Page MenuHomePhabricator

Disable _Float16 for non ARM/SPIR Targets
ClosedPublic

Authored by erichkeane on Jan 24 2019, 1:44 PM.

Details

Summary

As Discussed here:
http://lists.llvm.org/pipermail/llvm-dev/2019-January/129543.html

There are problems exposing the _Float16 type on architectures that
haven't defined the ABI/ISel for the type yet, so we're temporarily
disabling the type and making it opt-in.

Diff Detail

Repository
rL LLVM

Event Timeline

erichkeane created this revision.Jan 24 2019, 1:44 PM
rjmccall added inline comments.Jan 24 2019, 3:38 PM
docs/LanguageExtensions.rst
497 ↗(On Diff #183391)

This entire documentation section really just needs to be reworked. Here's a starting point:

Clang supports two half-precision (16-bit) floating point types: ``__fp16`` and
``_Float16``.  These types are supported in all language modes.

``__fp16`` is supported on every target, as it is purely a storage format; see below.
``_Float16`` is currently only supported on the following targets:
- 32-bit ARM
- 64-bit ARM (AArch64)
- SPIR
``_Float16`` will be supported on more targets as they define ABIs for them.

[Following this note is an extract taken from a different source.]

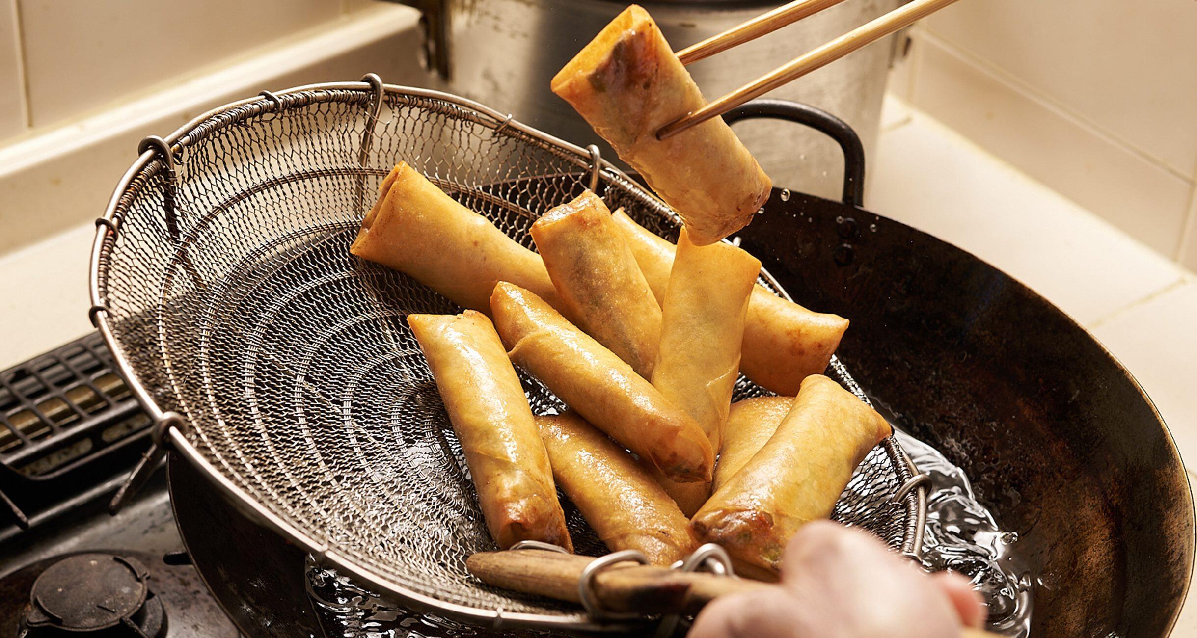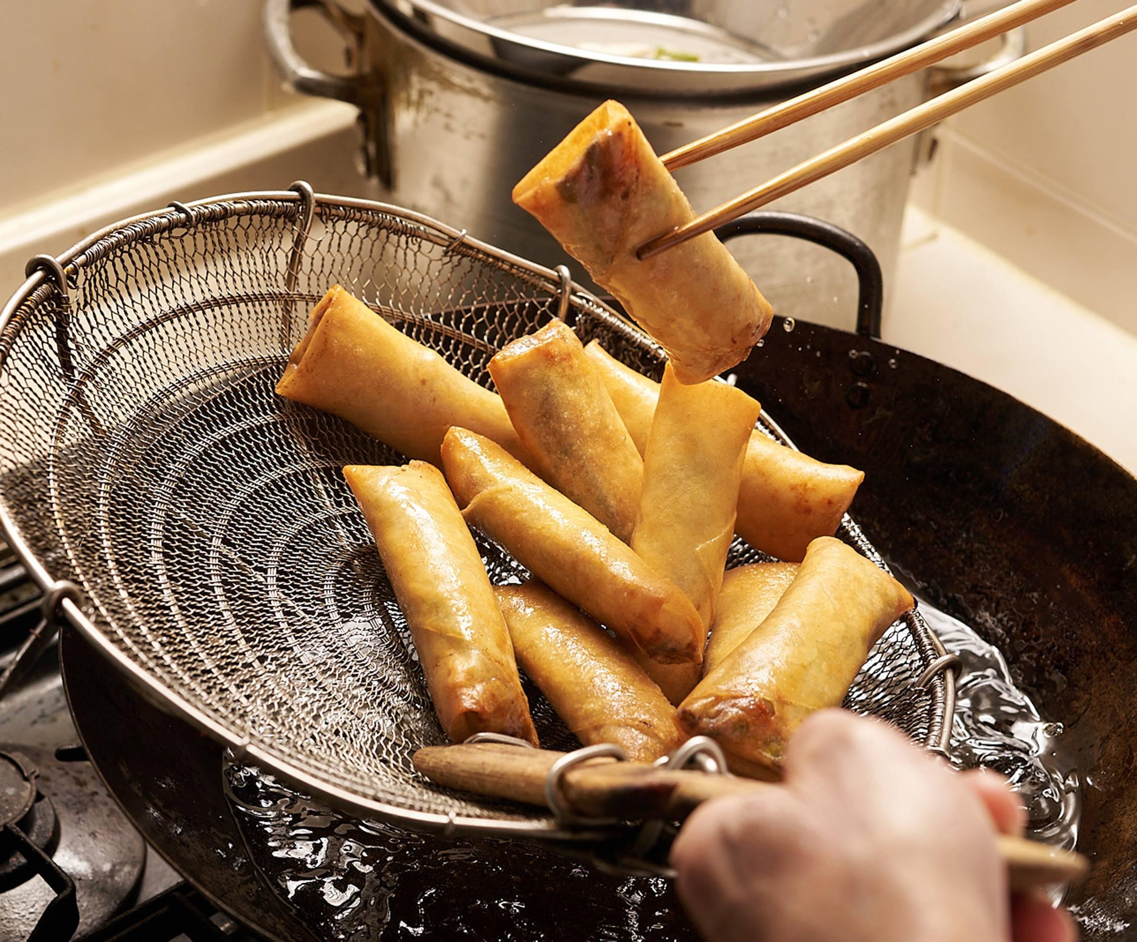 揚げ油を120℃ぐらいの低めの温度に熱し、春巻を鍋肌からすべり入れる。春巻を全部入れると油の温度が下がるので、いったん火を強める。角だけ色づいてきたら油の温度が上がったサイン。火をもとに戻し、160℃くらいの温度を保つ。途中で上下を返し、全体がほどよく色づき、音が小さくなってきたら、仕上げに火を強める。きつね色になったら油をきり、器に盛る。好みで辛子と酢を添える。

``__fp16`` is a storage and interchange format only.  This means that values of
``__fp16`` are immediately promoted to (at least) ``float`` when used in arithmetic
operations, so that e.g. the result of adding two ``__fp16`` values has type ``float``.
The behavior of ``__fp16`` is specified by the ARM C Language Extensions (`ACLE <http://infocenter.arm.com/help/topic/com.arm.doc.ihi0053d/IHI0053D_acle_2_1.pdf>`_).
Clang uses the ``binary16`` format from IEEE 754-2008 for ``__fp16``, not the ARM
alternative format.

``_Float16`` is an extended floating-point type.  This means that, just like arithmetic on
``float`` or ``double``, arithmetic on ``_Float16`` operands is formally performed in the
``_Float16`` type, so that e.g. the result of adding two ``_Float16`` values has type
``_Float16``.  The behavior of ``_Float16`` is specified by ISO/IEC TS 18661-3:2015
("Floating-point extensions for C").  As with ``__fp16``, Clang uses the ``binary16``
format from IEEE 754-2008 for ``_Float16``.

``_Float16`` arithmetic will be performed using native half-precision support
when available on the target (e.g. on ARMv8.2a); otherwise it will be performed
at a higher precision (currently always ``float``) and then truncated down to
``_Float16``.  Note that C and C++ allow intermediate floating-point operands
of an expression to be computed with greater precision than is expressible in
their type, so Clang may avoid intermediate truncations in certain cases; this may
lead to results that are inconsistent with native arithmetic.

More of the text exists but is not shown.